What the task requires: How many lines in the records below contain "chocolates"? Reply with the number alone.

Data for the task:
+++
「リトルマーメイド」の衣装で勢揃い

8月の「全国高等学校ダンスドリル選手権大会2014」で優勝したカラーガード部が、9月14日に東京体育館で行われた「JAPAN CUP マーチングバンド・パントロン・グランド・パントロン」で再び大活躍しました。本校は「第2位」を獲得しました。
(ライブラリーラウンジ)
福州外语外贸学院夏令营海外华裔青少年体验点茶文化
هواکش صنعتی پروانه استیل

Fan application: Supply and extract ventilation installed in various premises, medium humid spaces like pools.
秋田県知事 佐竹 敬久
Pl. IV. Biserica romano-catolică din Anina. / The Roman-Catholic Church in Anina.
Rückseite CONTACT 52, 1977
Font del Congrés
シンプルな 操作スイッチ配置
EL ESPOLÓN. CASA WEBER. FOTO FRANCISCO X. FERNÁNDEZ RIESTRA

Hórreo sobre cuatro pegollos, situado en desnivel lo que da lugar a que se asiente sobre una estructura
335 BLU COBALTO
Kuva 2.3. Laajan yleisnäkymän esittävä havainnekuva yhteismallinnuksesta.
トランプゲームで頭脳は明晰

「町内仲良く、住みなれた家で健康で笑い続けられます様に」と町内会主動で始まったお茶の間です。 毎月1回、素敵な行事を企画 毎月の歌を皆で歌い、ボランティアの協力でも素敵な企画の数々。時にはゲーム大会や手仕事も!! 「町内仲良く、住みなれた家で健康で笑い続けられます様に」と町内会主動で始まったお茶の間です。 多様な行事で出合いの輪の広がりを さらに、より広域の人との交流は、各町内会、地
+++
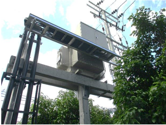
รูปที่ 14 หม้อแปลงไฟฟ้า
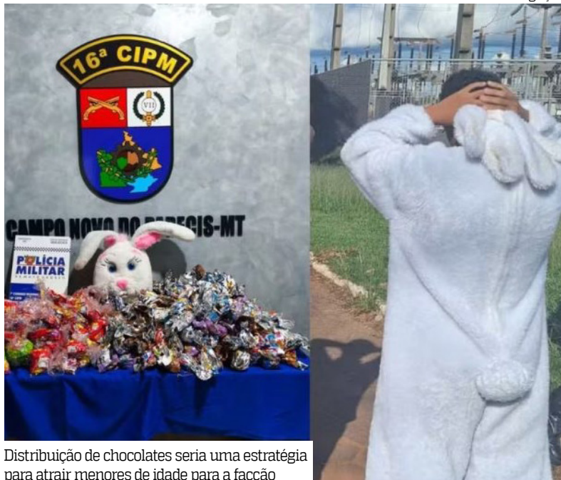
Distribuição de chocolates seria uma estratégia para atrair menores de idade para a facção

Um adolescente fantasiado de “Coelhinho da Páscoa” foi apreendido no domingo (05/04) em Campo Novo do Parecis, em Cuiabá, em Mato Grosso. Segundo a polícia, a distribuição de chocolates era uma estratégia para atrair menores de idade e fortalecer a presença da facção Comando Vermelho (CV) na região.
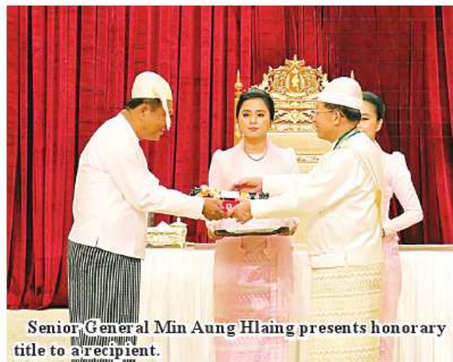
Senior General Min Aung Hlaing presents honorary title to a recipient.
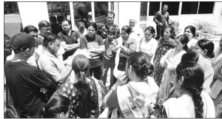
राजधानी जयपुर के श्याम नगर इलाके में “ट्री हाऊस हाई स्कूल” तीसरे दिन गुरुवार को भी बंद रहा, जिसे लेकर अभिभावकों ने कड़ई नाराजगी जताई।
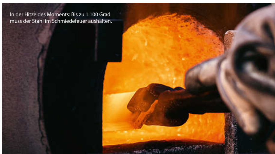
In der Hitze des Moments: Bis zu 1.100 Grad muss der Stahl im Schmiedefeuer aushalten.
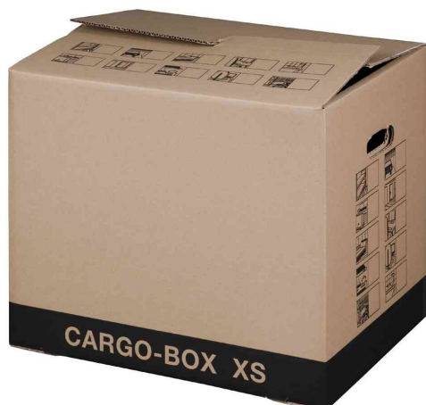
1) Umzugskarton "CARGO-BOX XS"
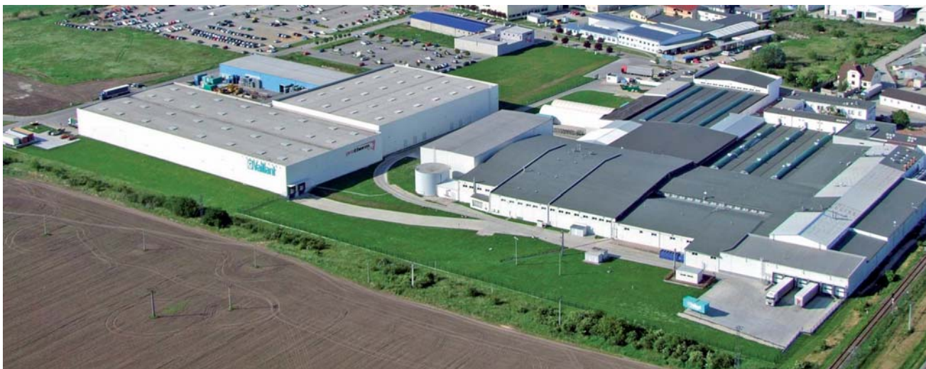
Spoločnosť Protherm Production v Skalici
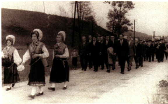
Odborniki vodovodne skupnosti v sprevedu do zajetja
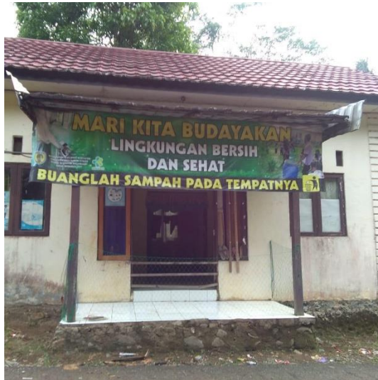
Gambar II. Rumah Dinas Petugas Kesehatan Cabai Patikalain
+++
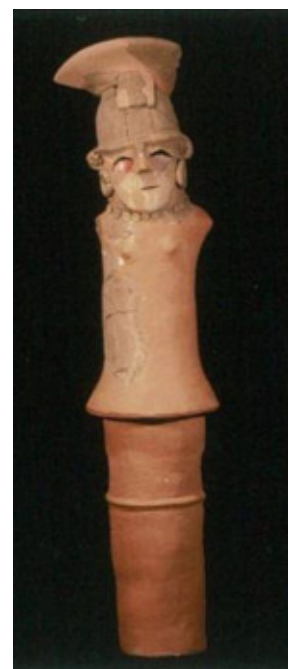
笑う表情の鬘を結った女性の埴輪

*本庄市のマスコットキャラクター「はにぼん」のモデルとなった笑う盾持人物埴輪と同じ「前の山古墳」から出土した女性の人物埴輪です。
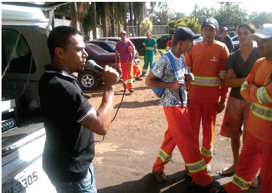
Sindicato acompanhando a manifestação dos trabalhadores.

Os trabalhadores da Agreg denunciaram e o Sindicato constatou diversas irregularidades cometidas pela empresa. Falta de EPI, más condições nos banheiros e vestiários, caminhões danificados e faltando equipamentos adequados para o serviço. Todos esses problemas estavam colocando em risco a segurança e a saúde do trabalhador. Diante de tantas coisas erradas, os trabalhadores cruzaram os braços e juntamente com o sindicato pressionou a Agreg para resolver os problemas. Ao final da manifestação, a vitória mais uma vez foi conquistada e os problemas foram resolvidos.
+++
Result of this task: 2